> [Data provided]:
((

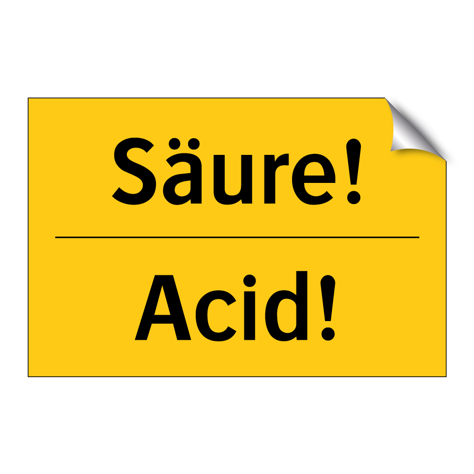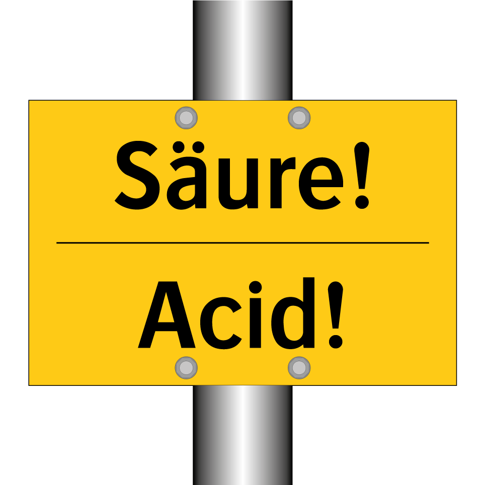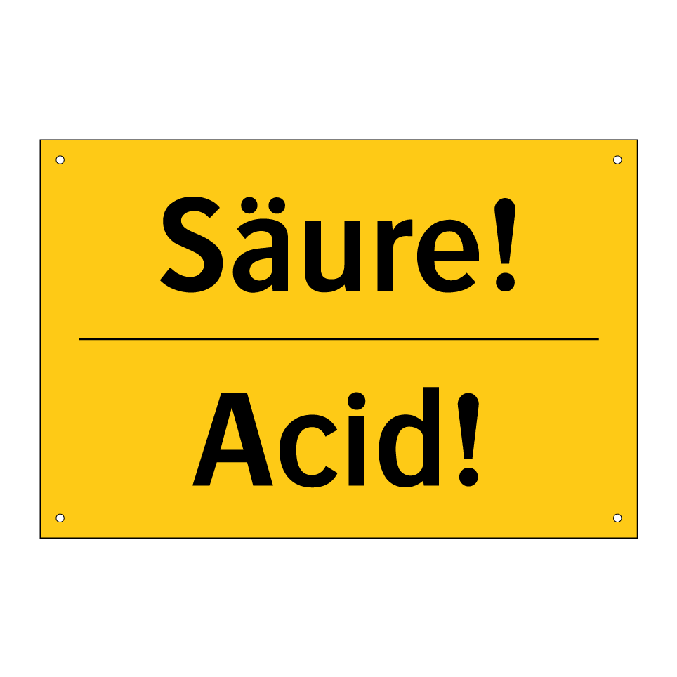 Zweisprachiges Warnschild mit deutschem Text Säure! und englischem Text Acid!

))
((

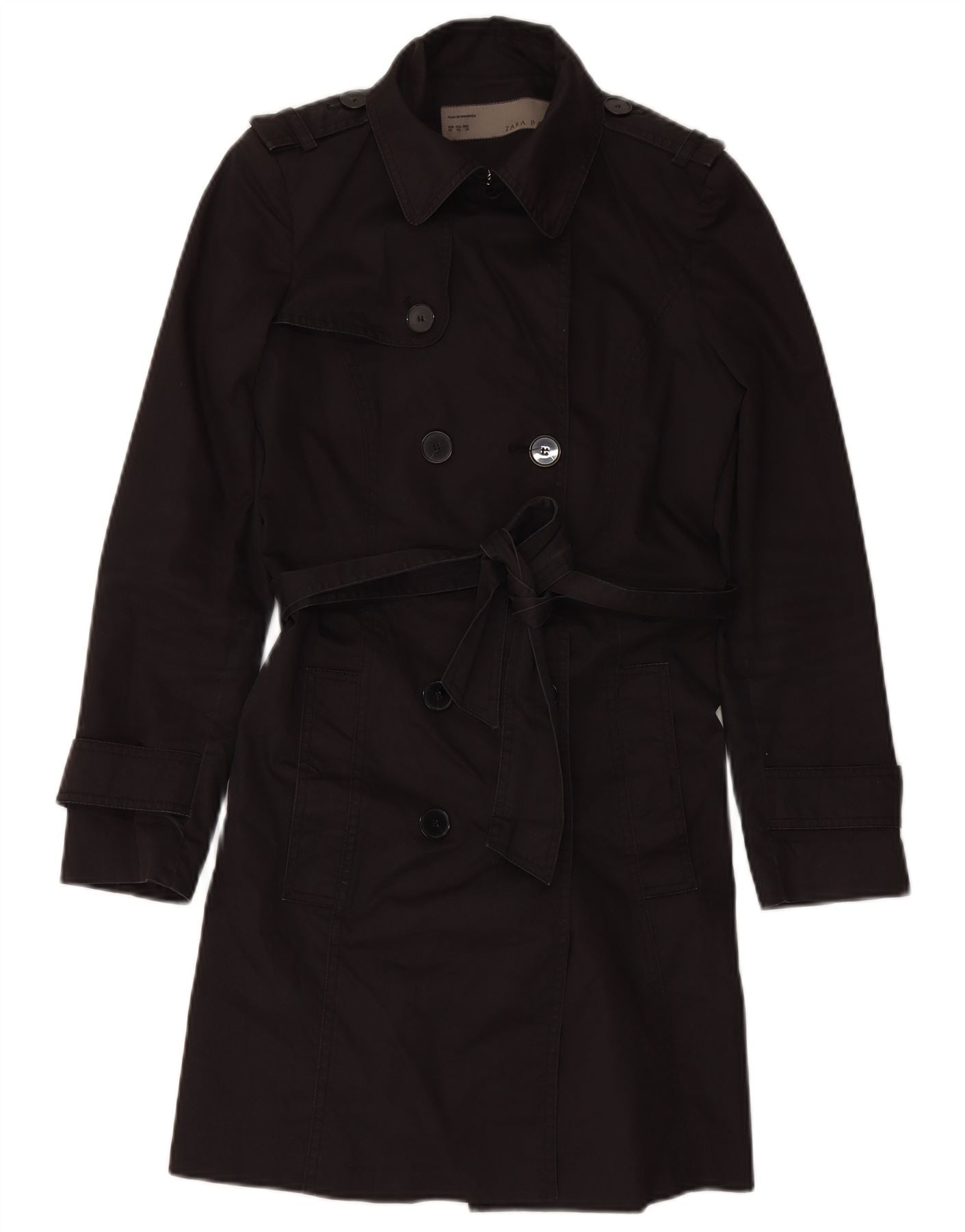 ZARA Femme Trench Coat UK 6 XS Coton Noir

))
((

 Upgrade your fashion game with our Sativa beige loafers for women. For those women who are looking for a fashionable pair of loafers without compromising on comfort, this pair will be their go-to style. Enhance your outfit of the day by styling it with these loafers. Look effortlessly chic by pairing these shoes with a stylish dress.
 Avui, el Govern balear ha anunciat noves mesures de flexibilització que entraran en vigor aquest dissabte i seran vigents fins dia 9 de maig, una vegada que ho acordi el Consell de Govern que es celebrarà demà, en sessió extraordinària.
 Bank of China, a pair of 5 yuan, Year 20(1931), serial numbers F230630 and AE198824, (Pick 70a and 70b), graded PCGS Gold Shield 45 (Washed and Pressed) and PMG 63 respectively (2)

))

> [Work instructions]: From the listing above, return the lines starting at the one with "Avui, el Govern" and ending at the one with "Bank of China, a", both kept, exactly as they appear and nothing more.

> [Exercise output]:
 Avui, el Govern balear ha anunciat noves mesures de flexibilització que entraran en vigor aquest dissabte i seran vigents fins dia 9 de maig, una vegada que ho acordi el Consell de Govern que es celebrarà demà, en sessió extraordinària.
 Bank of China, a pair of 5 yuan, Year 20(1931), serial numbers F230630 and AE198824, (Pick 70a and 70b), graded PCGS Gold Shield 45 (Washed and Pressed) and PMG 63 respectively (2)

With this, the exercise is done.